#### Try it
Starting at the line that contains "그래서 오늘은 일산 호수공원" and stopping after the line that contains "još mnogo toga.", transcribe the listing below exactly; do not include any pictures.

#### Supplied material
____________________
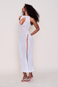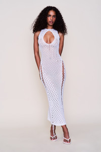 - Softly sculpted with an open knit finish, the Casmir Dress features a body-hugging silhouette with a high neckline and keyhole cutout detail. Side lace-up slits add a touch of drama and ease, revealing skin with every step. Unlined and semi-sheer—layer it over swim or wear it out when the night calls for something bolder. - Composition: 100% Cotton - Eileen is wearing a size S and is 5'9" with a 32" bust, 35" hips, and 25.5" waist
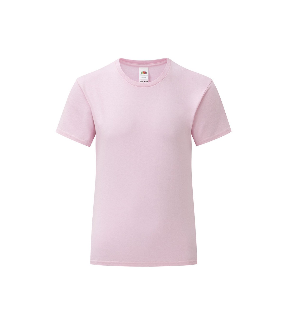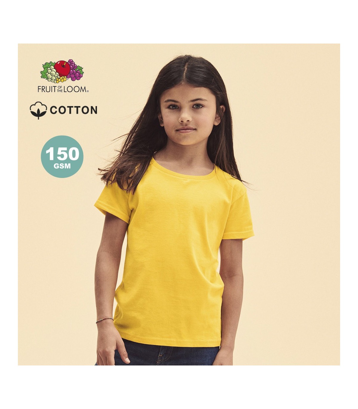 Camisetas para niña color Iconic de Fruit Of The Loom. de 100% algodón peinado Ring Spun de 150g/m². Con corte entallado, con costuras laterales y cuello redondo estrecho de canalé 1x1 y tapeta a juego.
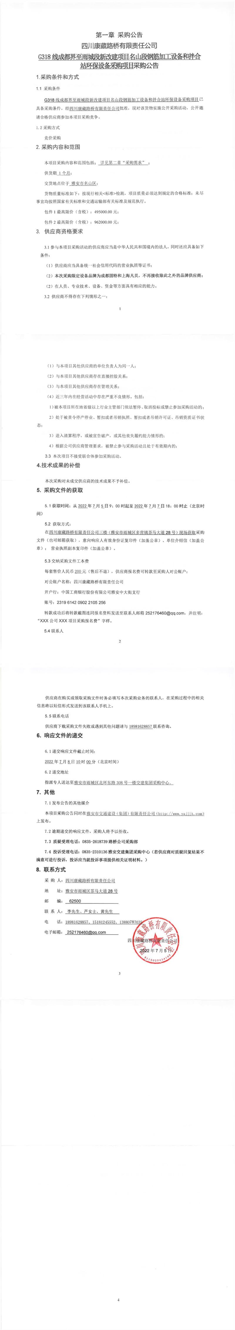 四川康藏路橋有限責(zé)任公司G318線成都界至雨城段新改建項目名山段鋼筋加工設(shè)備和拌合站環(huán)保設(shè)備采購項目采購公告
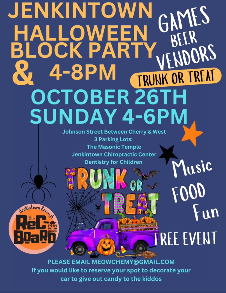 The Jenkintown Borough Recreation Board is hosting a Trunk or Treat & Halloween Block Party on Saturday, October 26 from 4:00pm – 8:00pm on Johnson Street between West & Cherry.
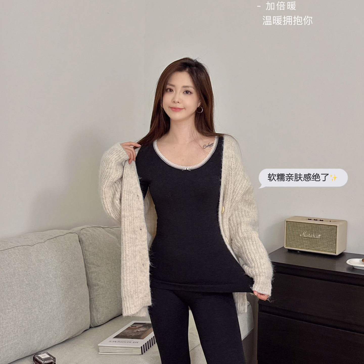 当前位置: 91家纺网 > 商品网购 > 居家日用 > 睡衣/家居服套装 > 妍景家居生活馆 2025新款轻感圆领秋衣秋裤套装 黑灰色
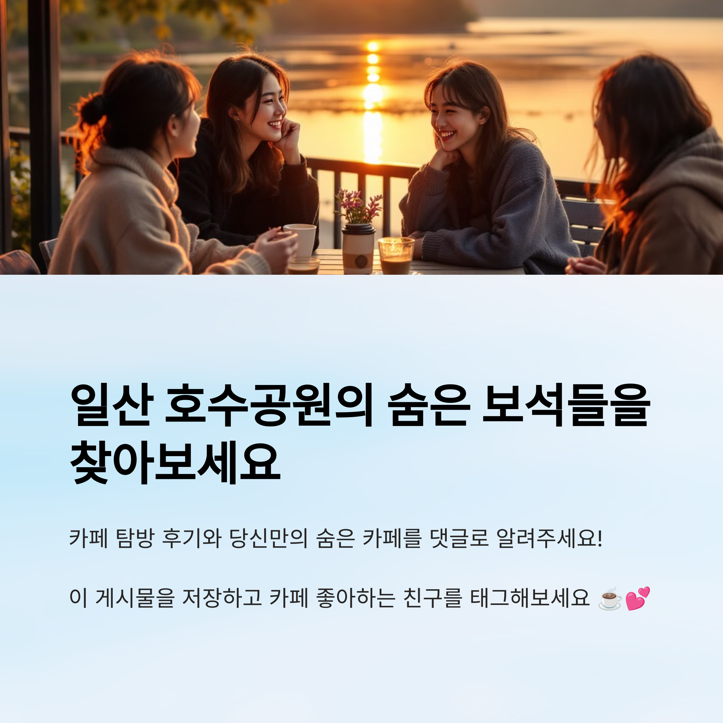 그래서 오늘은 일산 호수공원 근처에서 분위기 좋고, 음료도 맛있고, 사진 찍기 좋은 감성 카페 5곳을 소개할게요! 실제로 다녀온 후기와 입소문 난 핫플 위주로 골랐어요✨
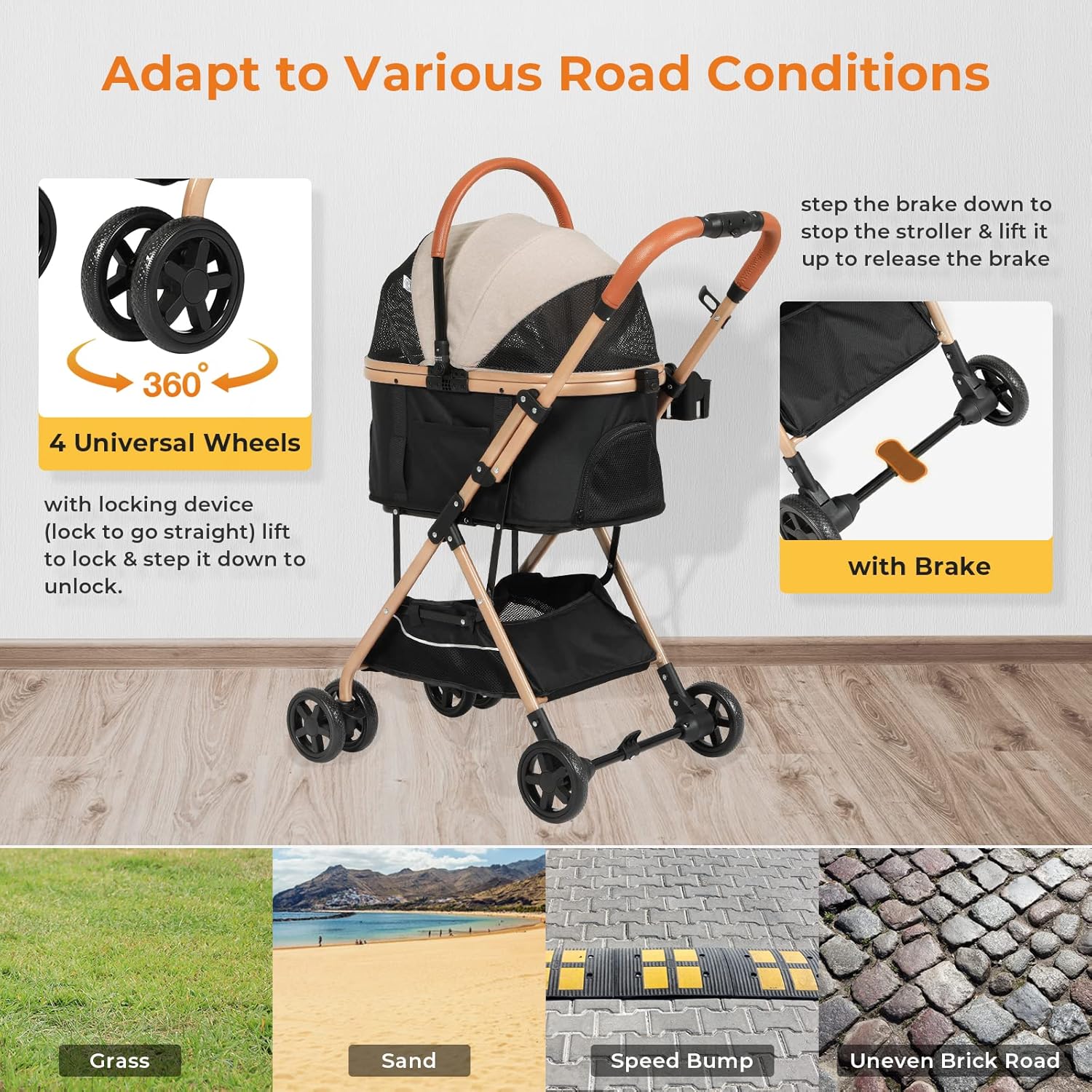【Praktični dizajn】 Prednji kotači se mogu okretati za 360° kako bi se prilagodili različitim terenima, a mogu se i zaključati za vožnju ravno. Pritisnite zadnju kočnicu da biste zaustavili kolica, sprječavajući inercijalno klizanje, praktično i sigurno. Uklonjiva obloga za jednostavno čišćenje. Držač za čaše može se koristiti za držanje boce s vodom. Bočni džepovi pružaju privremeno odlaganje vašeg telefona. Korpa za odlaganje može se koristiti za odlaganje ključeva, igračaka, grickalica i još mnogo toga.
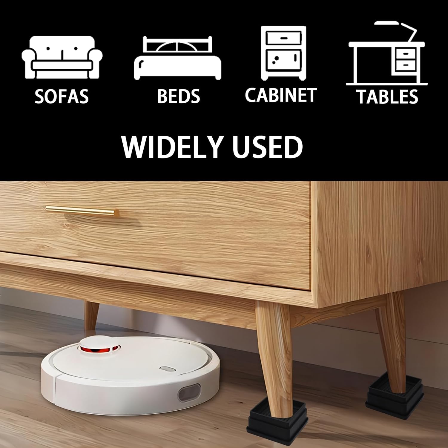 - 【Space Saving】The furniture lift block can help you create extra space, perfect for need to maximise storage space; table legs and bed risers can help you solve the problems of rust, inconsistent heights and inconvenient cleaning due to the low base of your furniture
____________________
#### Task response
 그래서 오늘은 일산 호수공원 근처에서 분위기 좋고, 음료도 맛있고, 사진 찍기 좋은 감성 카페 5곳을 소개할게요! 실제로 다녀온 후기와 입소문 난 핫플 위주로 골랐어요✨
【Praktični dizajn】 Prednji kotači se mogu okretati za 360° kako bi se prilagodili različitim terenima, a mogu se i zaključati za vožnju ravno. Pritisnite zadnju kočnicu da biste zaustavili kolica, sprječavajući inercijalno klizanje, praktično i sigurno. Uklonjiva obloga za jednostavno čišćenje. Držač za čaše može se koristiti za držanje boce s vodom. Bočni džepovi pružaju privremeno odlaganje vašeg telefona. Korpa za odlaganje može se koristiti za odlaganje ključeva, igračaka, grickalica i još mnogo toga.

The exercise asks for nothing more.